Autosomal recessive thalassemias are a heterogeneous group of diseases characterized by hypochromic microcytic anemia, which develops as a result of defective synthesis of one or more of the hemoglobin (Hb) chains. It occurs when the Hb chain or chains are produced in small numbers or not at all. In other words, while the production of beta chains is insufficient, the production of alpha chains causes alpha thalassemia. Approximately 3 babies in every 1000 births in the world are affected by severe beta chain disorders, and approximately 350,000 new babies with the disease are born each year. Even under modern treatment conditions, severe clinical complications may develop in the clinical follow-up of patients.

In recent years, the introduction of oral chelators and the ability to determine organ iron load with non-invasive methods have played a very important role in improving the prognosis of patients with thalassemia. Today, the only and definitive treatment option for cases with beta thalassemia major is hematopoietic stem cell transplantation. After myeloablative conditioning treatment, allogeneic stem cell transplantation from an HLA-compatible sibling donor is considered the treatment of choice. However, for patients who do not have a suitable donor, the risk of mortality and morbidity, especially in transplants from unrelated or haploidentical donors, creates anxiety.

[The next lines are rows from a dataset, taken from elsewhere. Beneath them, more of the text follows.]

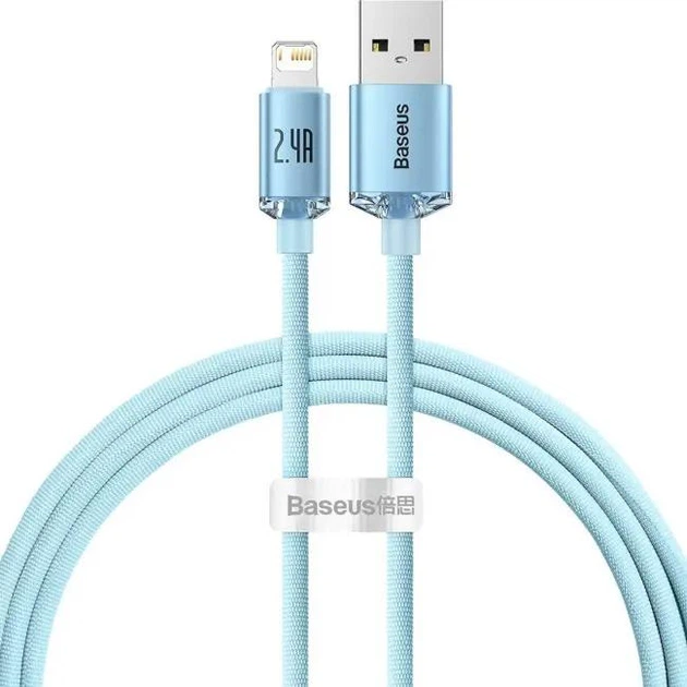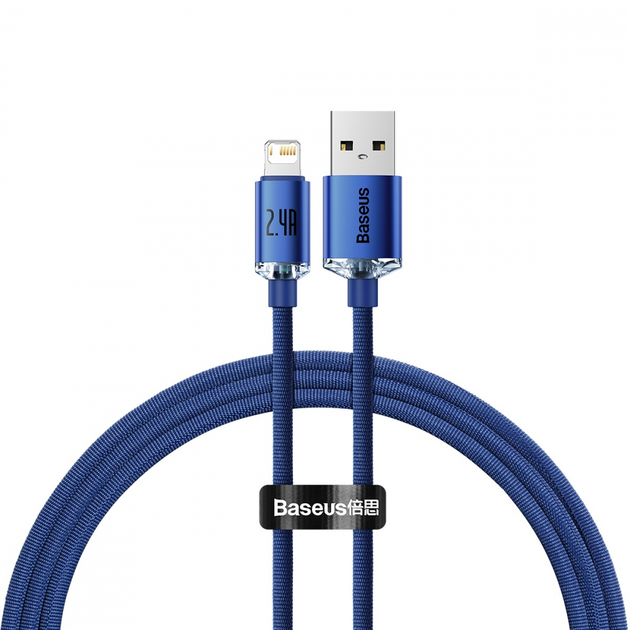 Кабель для зарядки Lightning Apple BASEUS Crystal Shine Series |1.2м/2.4A| Синій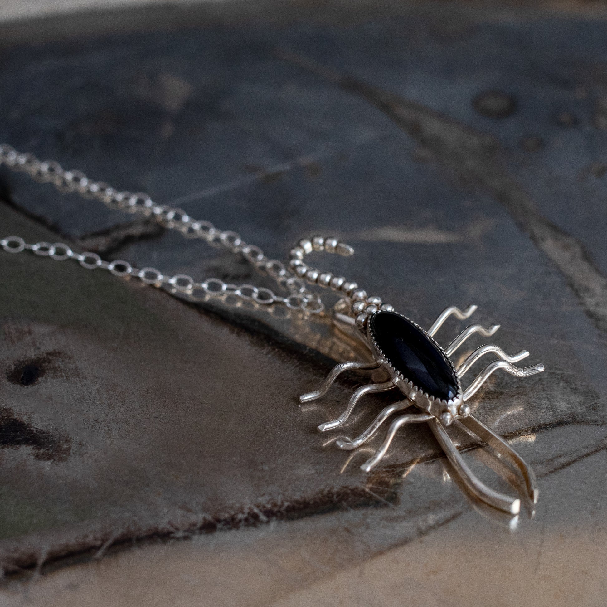 A little scorpion buddy to help you out with your extra curricular activities. Also just a cool pendant. Stone is approx 22 mm long, and comes on a 24" sterling silver chain.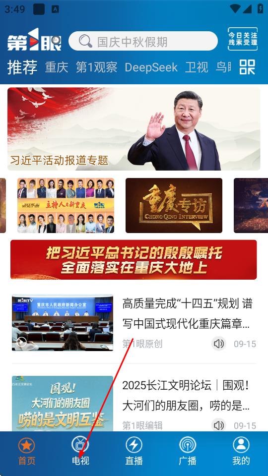1、打開第1眼新聞App,點擊底部導(dǎo)航欄電視選項。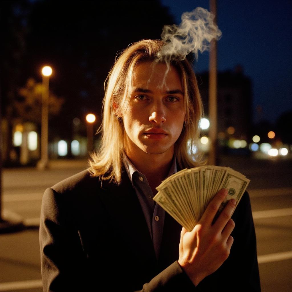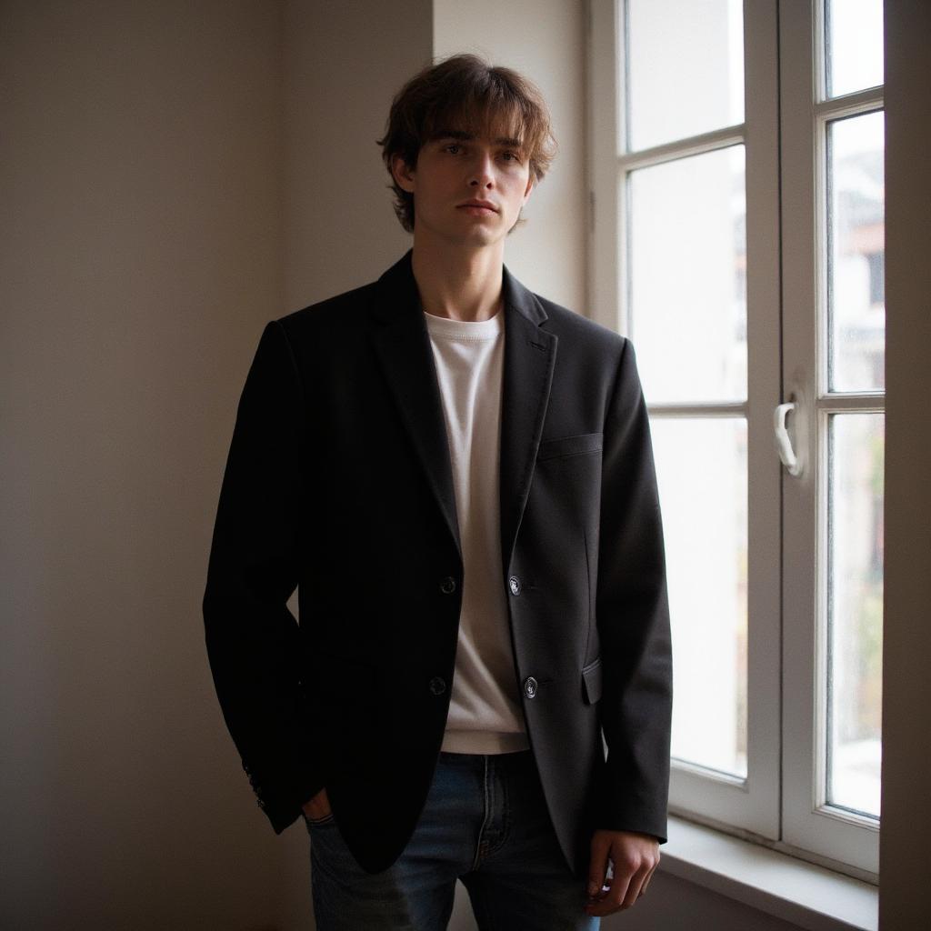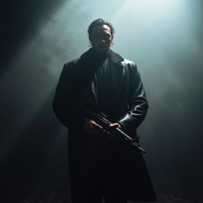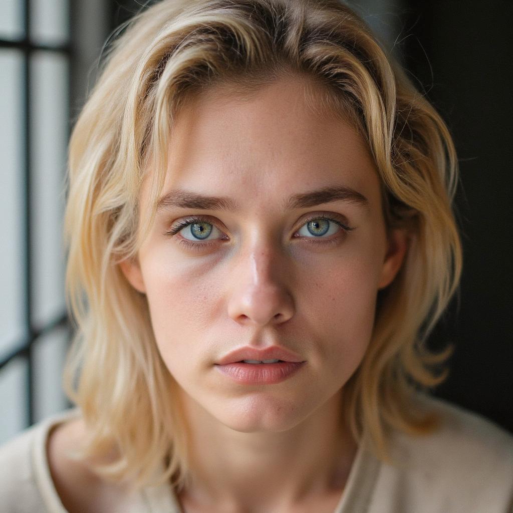 Кпоп айдол 14 лет с милой внешностью. У нее черные волосы с короткой (выше бровей) челкой, у нее длинные волосы, сзади нее растушеванный фон(железная сетка-стена) . Ее рука лежит на голове, слегка придерживая ее.Также у неё есть пирсинг носа. Она одета в черную кожанную куртрку с ввсоким воротником , ее видно лишь до половины груди, , Она должна выглядеть как реальнвй девушка четырнадцати лет, У нее темно синий маникюр, Она должна выглядеть очень крутой, у нее лицо без эмоций, , Ей 16 лет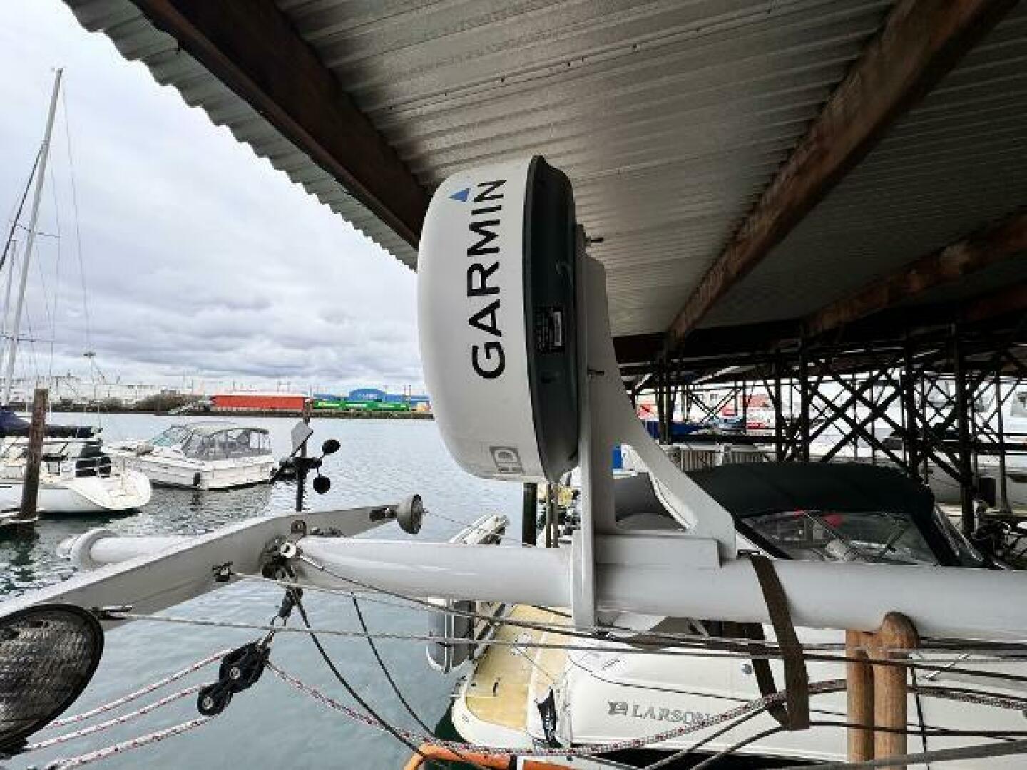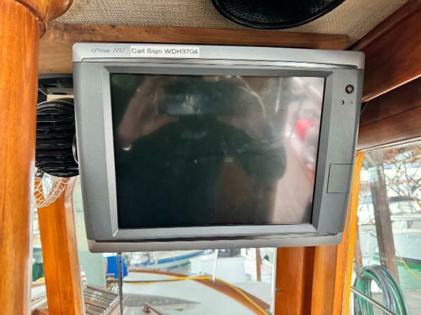 - Garmin 7212 touch screen plotter with radar/sounder interface at helm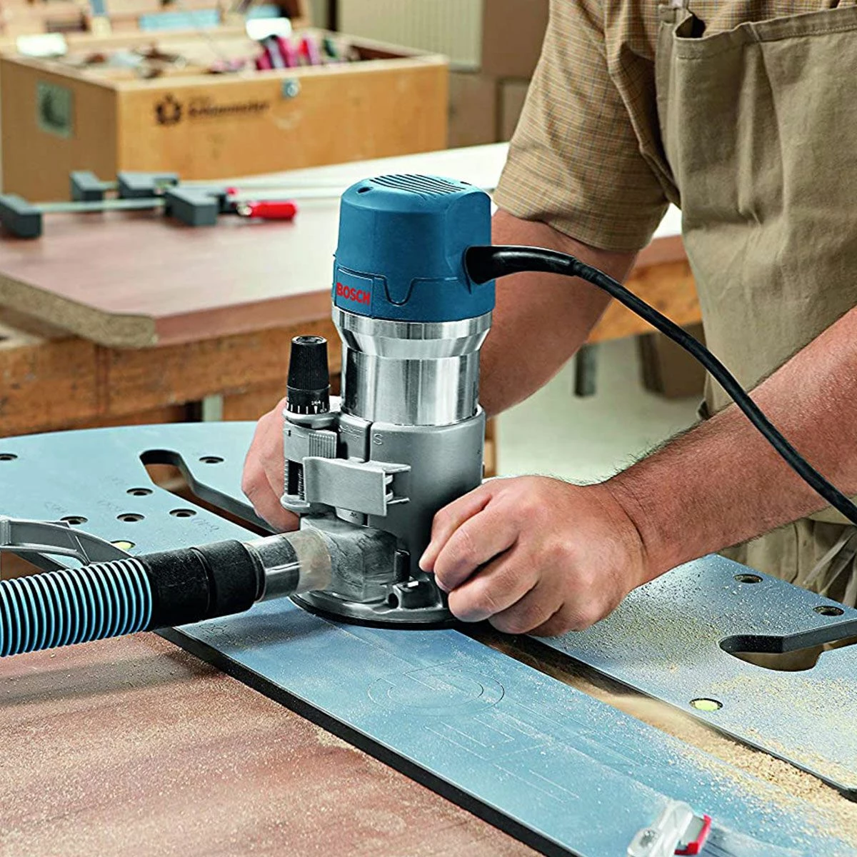 The Bosch 1617EVS Router delivers the horsepower to finish the most difficult jobs. It features a 2.25 (max) horsepower rating and linear depth adjustment. The motor delivers heavy-duty power for cutting through hardwoods and other materials.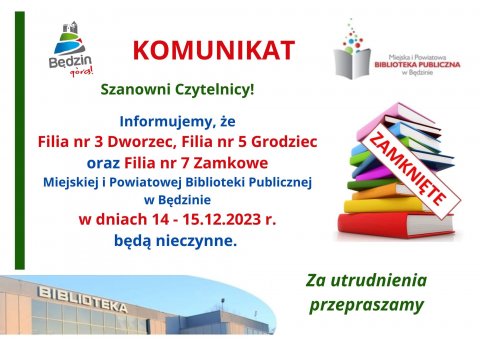 14 GRU Komunikat dot. pracy Filii nr 3 - Dworzec, 5 - Grodziec oraz 7 - Zamkowe Za utrudnienia przepraszamy.
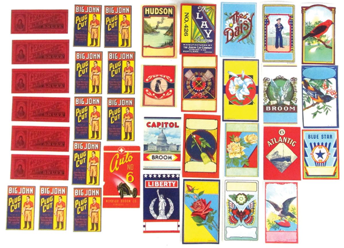 Massachusetts..., Missouri and other locations. Lot of 36 Product Labels from a variety of companies, Includes: Pearon's Red Top Snuff (6); Auto No. 6; The Daisy; Capital Broom and more. Labels are in XF-Unc. condition. (36). Sold "AS IS" no returns accepted.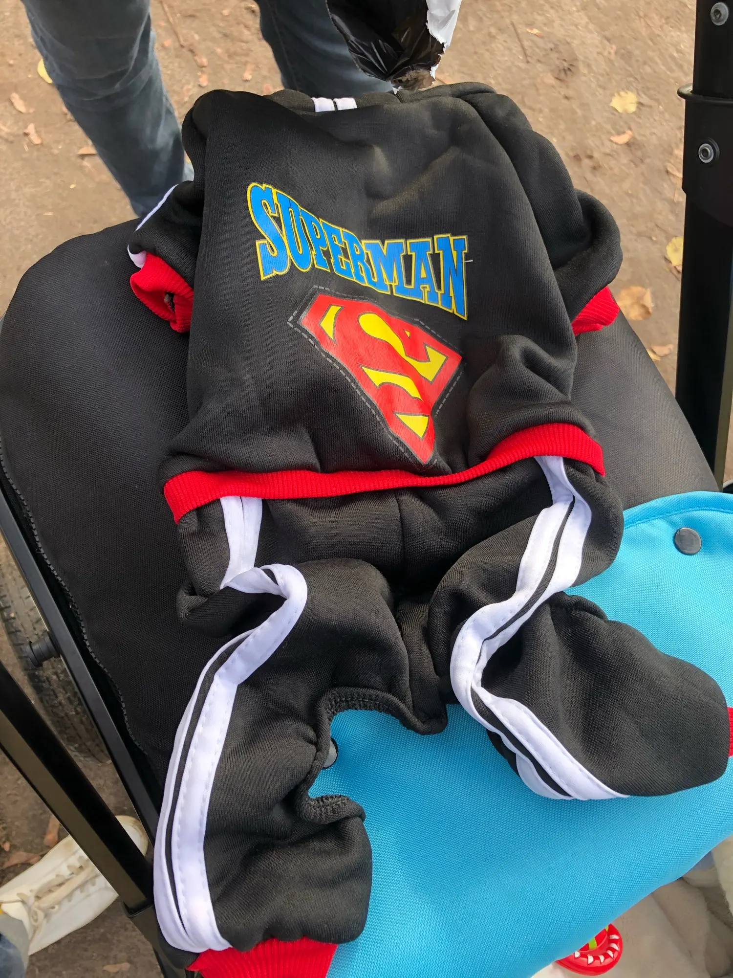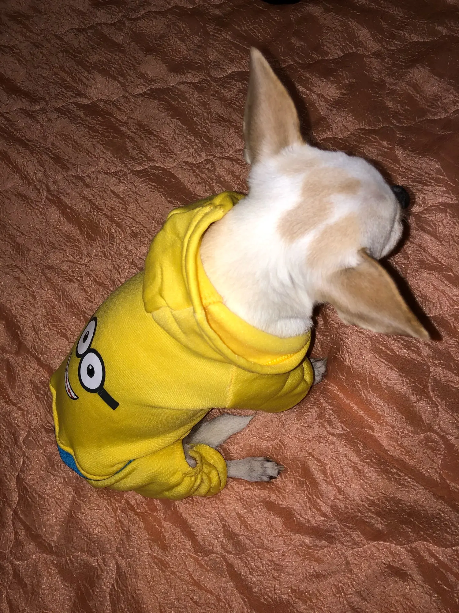 Костюм прикольный. Но размер не соответствует. Собака 1.5 кг. Костюм маленький.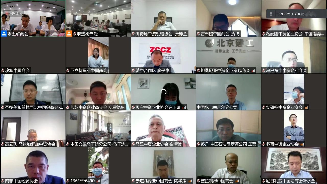 首屆理事會會議由聯盟秘書處(中國五礦化工進出口商會)組織籌辦,線上、線下方式召開。聯盟首屆理事會由在非洲的49個中資企業商協會和代表性企業組成,代表1700多家在非企業,理事單位代表視頻連線參會。中國機電產品進出口商會、中國對外承包工程商會、中國醫藥保健品進出口商會、中國紡織工業聯合會、國家林業和草原局林產品國際貿易研究中心、中國通信企業協會等單位的領導和專家作為聯盟發起單位代表出席了會議現場。商務部合作司領導應邀參加會議,并指導工作。

Therefore, in recent years, alternative gene therapy strategies have been studied that aim to correct the defective β-globin gene by transferring a normal β-globin gene or replacing the defective gene with homologous recombination. RNA-based treatment approaches, known as RNA Therapies, are also being investigated in the treatment of thalassemia. These treatments target the genetic mutations that cause thalassemia and aim to correct faulty RNA production.

In addition to regular blood transfusions applied to improve the quality of life of patients, Iron Chelators are among the new drugs and treatment approaches in thalassemia patients. Iron binders used as part of thalassemia treatment help to remove iron accumulated in the body due to continuous blood transfusions. The most commonly used iron binders today include deferoxamine, deferasirox, and deferiprone. These drugs help prevent iron accumulation from causing damage to organs.

New drugs used other than chelators

Hydroxyurea: Although hydroxyurea is usually used to treat sickle cell anemia, it is also being investigated in the treatment of thalassemia. This drug can relieve anemia symptoms by increasing hemoglobin production. In some thalassemia patients, hydroxyurea treatment can reduce the frequency of blood transfusions.

Luspatercept: Luspatercept is a biologic drug that reduces the need for blood transfusions by increasing the production of red blood cells. This drug can improve the quality of life of patients by regulating the production of blood cells.

Ferroportin Modulators: Ferroportin is a protein that plays an important role in iron transport in the body. New treatment strategies aim to reduce iron imbalance and excessive iron accumulation by modulating ferroportin. This treatment is among the future treatment options for controlling iron overload in thalassemia patients.

Epoetin Alfa and Epoetin Beta: Epoetin alfa and epoetin beta are analogs of the hormone erythropoietin (EPO). These drugs may improve anemia management and reduce the frequency of blood transfusions in some thalassemia patients.

Conclusion: Future treatment options include alternative treatment approaches such as genetic therapies, biologics, and bone marrow transplantation. Clinical studies are constantly being conducted on new treatment methods, which aim to further improve patients' response to treatment. These new drugs and treatment options used in the treatment of thalassemia aim to improve patients' quality of life and manage the symptoms of the disease. However, each patient's response to treatment may vary, so the treatment plan should be individualized for each patient. More research is needed on the effectiveness and safety of new treatment approaches.